Radical evil is the willing embrace of monstrous crimes either for their own sake or to advance a cause that allegedly justifies murder and terror. It should be a rare and almost exotic sin, confined to the poetry of Milton or the novels of Dostoevsky.

Yet as several articles in this issue establish, radical evil permeated the European politics of the last century and corrupted millions of people. That corruption has not been entirely removed even today.

The full truth of the Kossuth Square massacre in 1956, scrupulously examined and evaluated by Professor Jobbágyi here, is still obscured in most accounts of the period. Yet his evidence suggests that mass murder was deliberately adopted as a political tactic. David Satter points to the underlying cause of such crimes in the adoption by both Nazism and Communism of the view that their political religions overrode any transcendent moral consideration. Árpád Kadarkay contributes a passionate endorsement of Hannah Arendt’s insight that this totalitarian version of radical evil corrupted everything from the German language to the mediocre soul of Everyman to produce a routinization of murder and a “banality of evil” in the form of Eichmann. Satter returns to remind us that although the radical evil of Nazism has been universally repudiated, its Communist twin still retains some respectability among Western Europeans deceived by its seemingly idealistic aims, embarrassed by its crimes, and anxious to make excuses or change the subject.
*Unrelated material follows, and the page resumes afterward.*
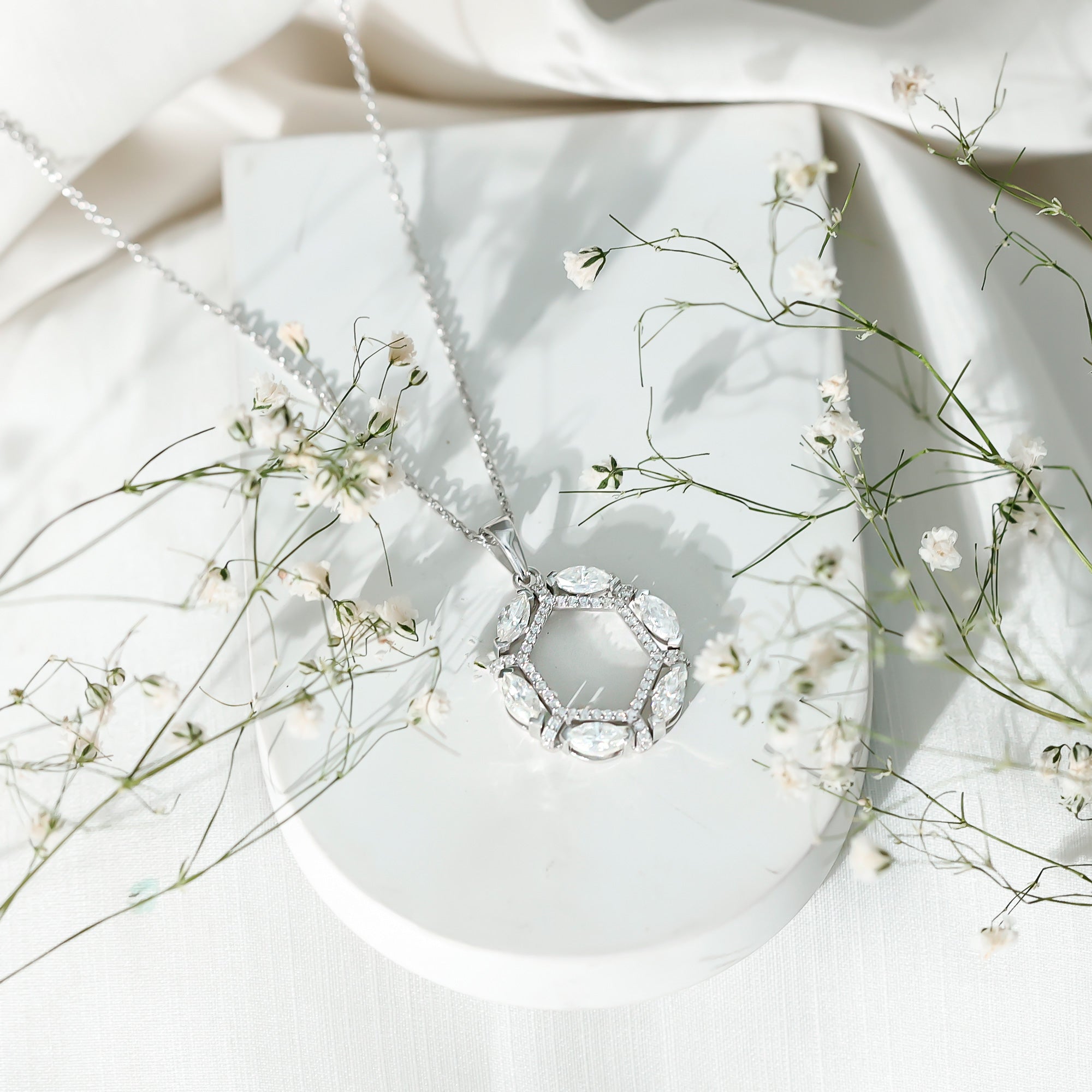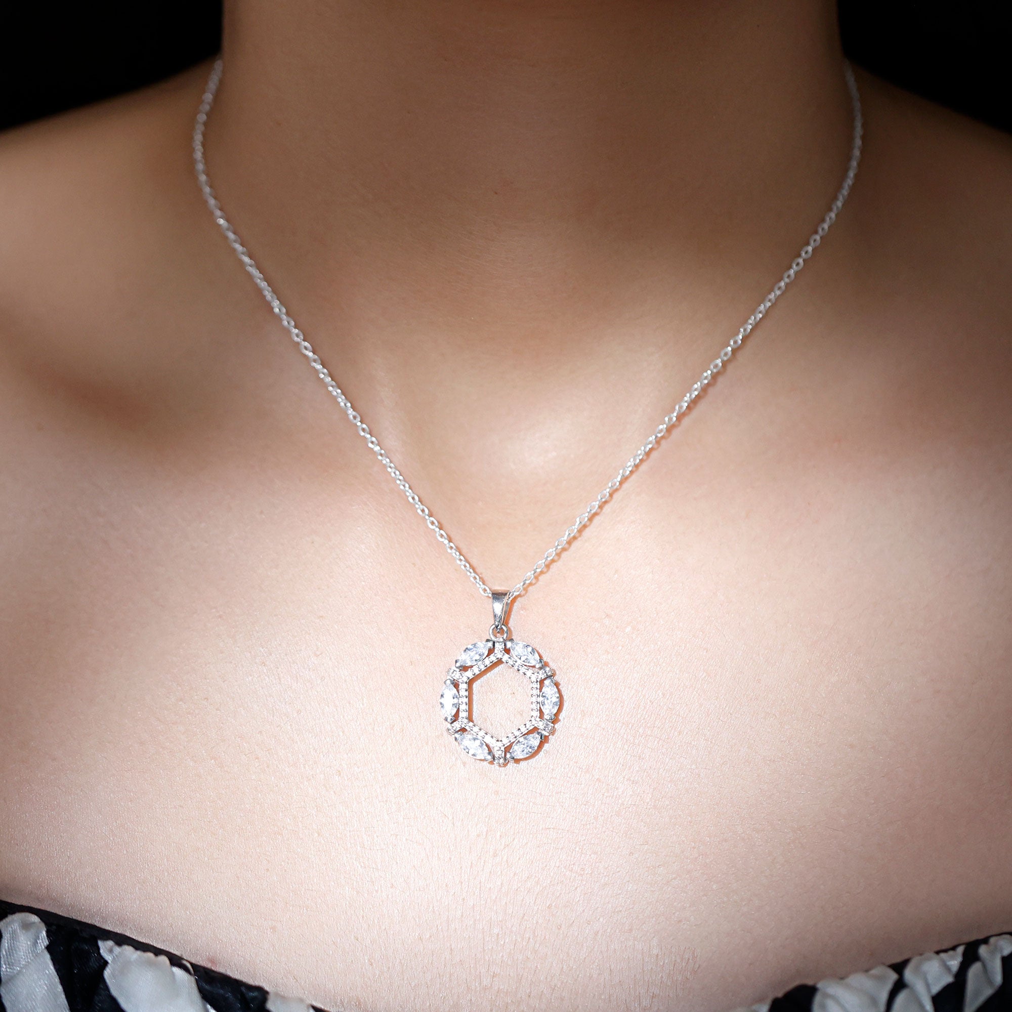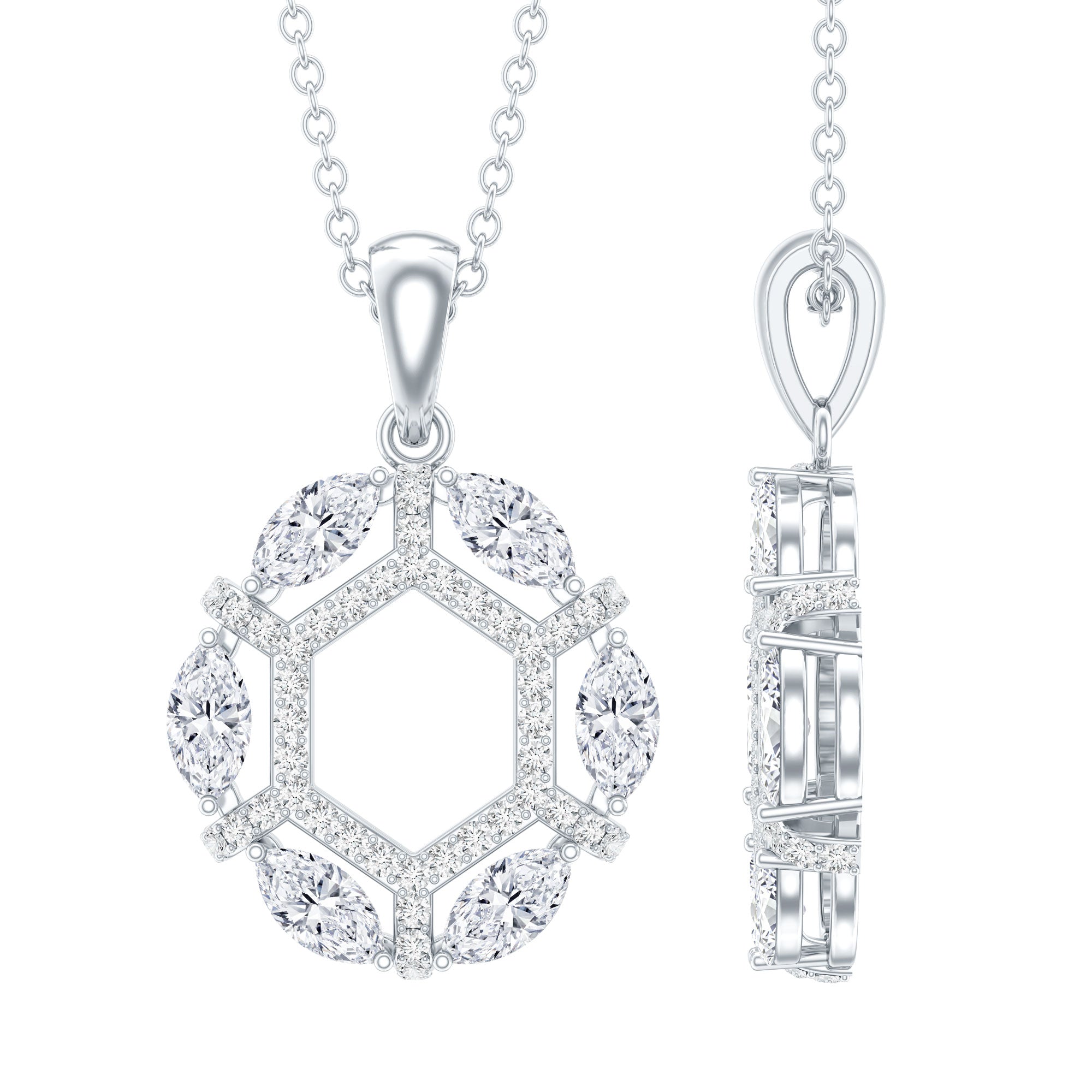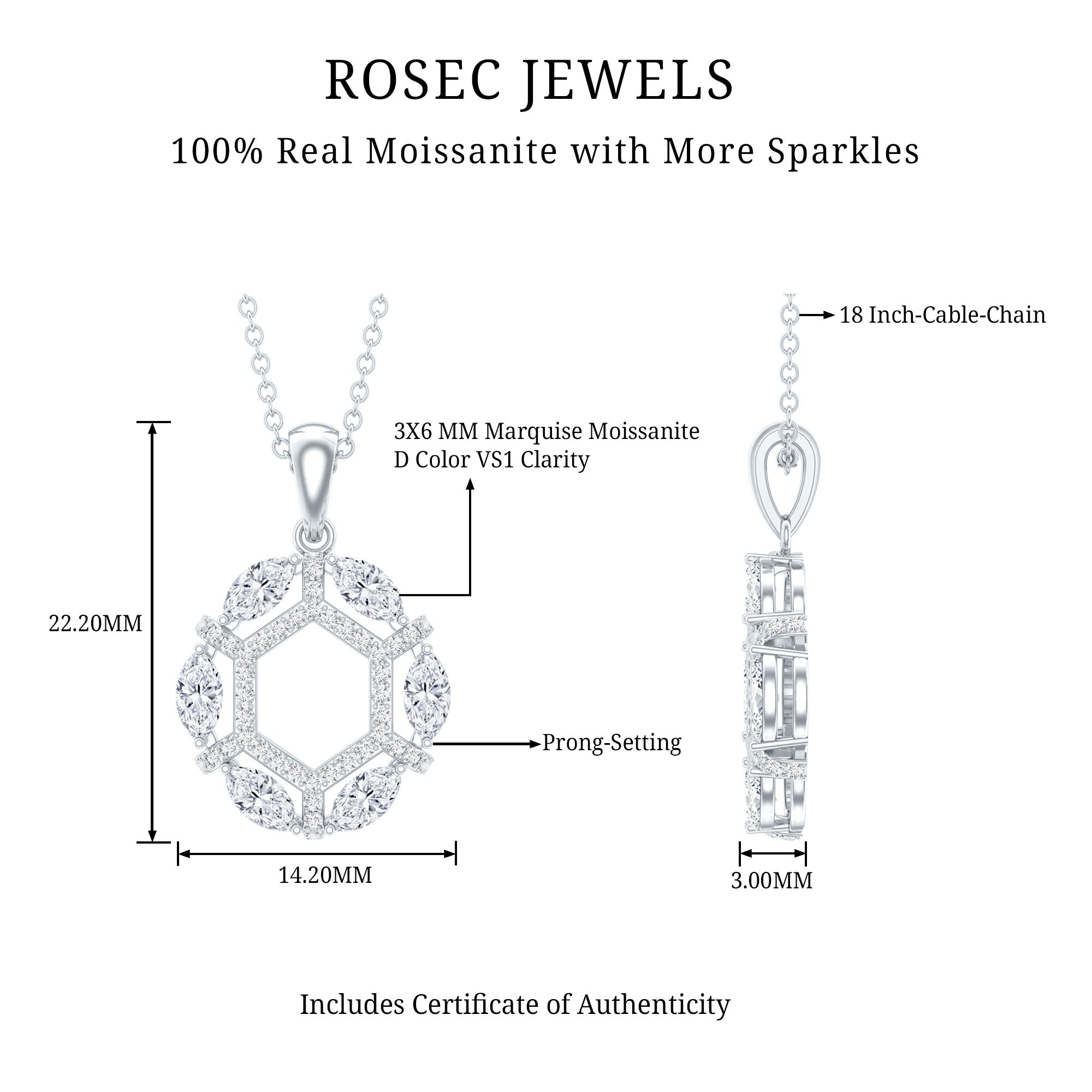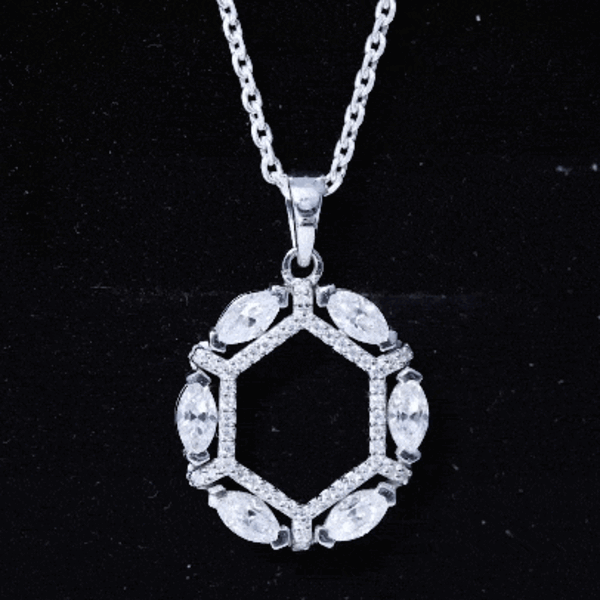 This Moissanite Pendant is the epitome of radiance and elegance, which highlights the neckline. It features an open Hexagonal frame studded with smaller round Moissanite and encircled by the Marquise Shape Moissanite securely placed in Prong Setting and precisely crafted with 14K White Gold Plated Silver. This Designer Pendant is accentuated with a standard bail and holds the classic shine of D-VS1 Quality Moissanite, which makes it perfect to complete the look for the special day. The pendant hangs with the sturdy cable chain, which makes it perfectly sit on the neckline. Perfect for adding a hint of elegance and charm to any ensemble, this Open Necklace makes a wonderful gift for someone special or a delightful treat for yourself. Whether worn by itself or combined with other accessories, this Eternity Necklace is guaranteed to shine and make you feel genuinely luxurious. Whether you are off to the office, enjoying a casual brunch, or heading out for a night on the town, this piece will seamlessly enhance any outfit. It arrives beautifully packaged in a jewelry box along with a certificate of authenticity, ensuring a reliable shopping experience with us.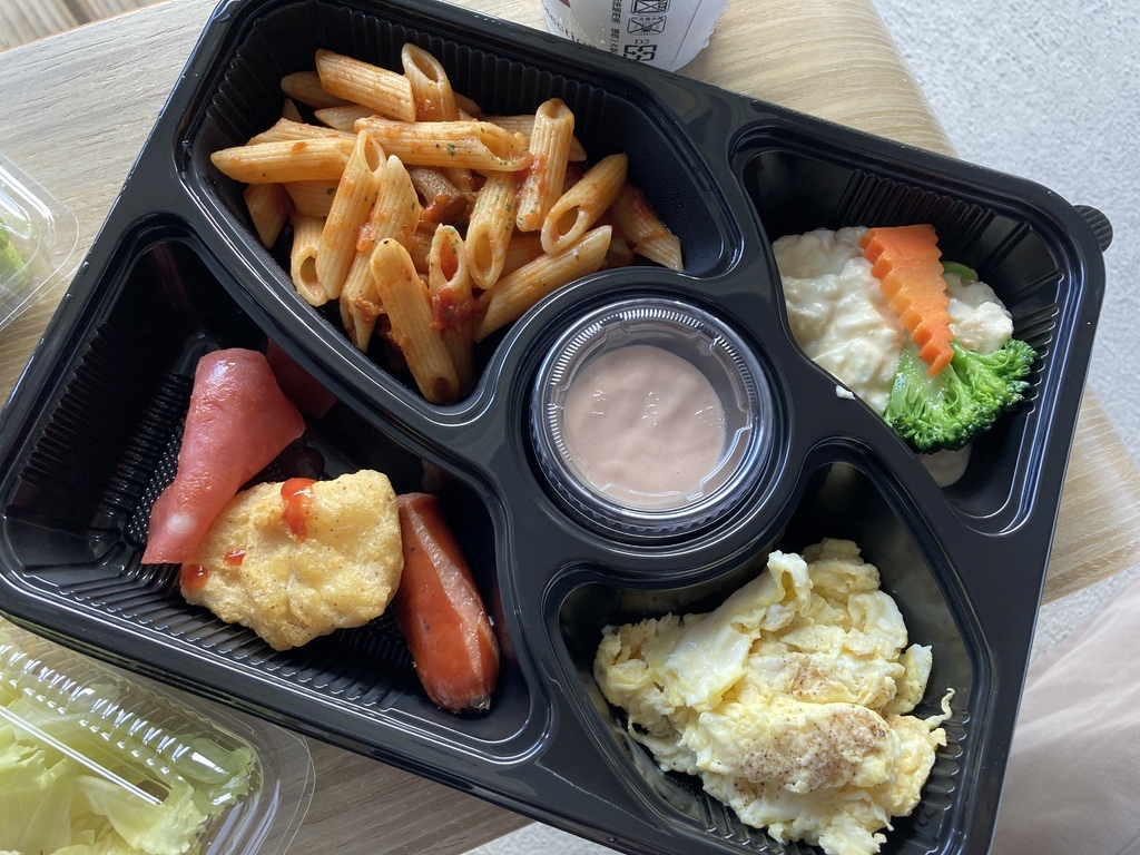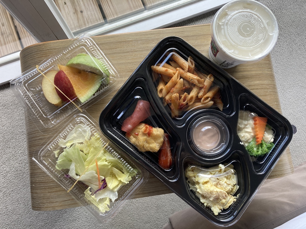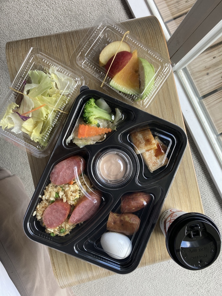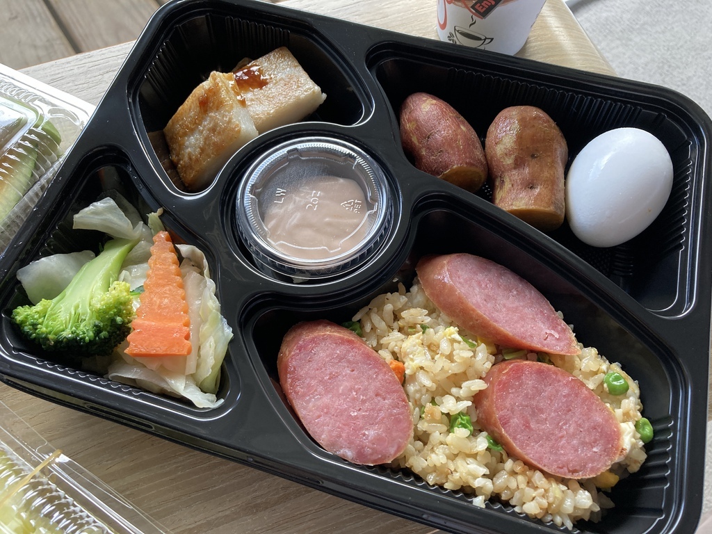 ▲早餐在大廳領取,因為疫情的關係並沒有開放餐廳用餐,而是以餐盒的方式,雖是用餐盒倒也是不馬虎,分為西式與台式,台式有炒飯搭配蘿蔔糕、地瓜,西式則是筆管麵搭配炒蛋,兩種都好吃且份量十足,並不會因為是餐盒而使得餐點縮水。

That is the “banality of evil” too, admittedly in a much milder form. Unless we are honest with ourselves about such matters as genocide, we will lack a vital element in resisting radical evil when it re-appears as it has done in the recent past – not outside Western Europe either.

In his autobiographical book, The Informer, Sean O’Callaghan describes the moment when he realised that in becoming an IRA terrorist in the 1970s, he had joined the camp of evil. He and other terrorists, who had retreated to a farmhouse after firing a mortar at a British Army base, were listening to the BBC for news of its impact. The BBC announcer reported that the attack had killed a part-time woman reservist. She had been pregnant. “Two for the price of one”, said another IRA man. O’Callaghan got up quietly, went out into the farmyard and vomited. Shortly afterwards he contacted Irish intelligence (and later British intelligence) in order to work for them to prevent future terrorist attacks. He subsequently volunteered a confession of his past crimes to the British courts and was sentenced to a long term of imprisonment. Now released, he writes on terrorism.  Eichmann concealed with euphemisms the radical evil he served until he had embraced it beyond repair. O’Callaghan saw plainly – or, rather, heard clearly – the nature of his radical evil in time, rejected it, and began a long course of amends.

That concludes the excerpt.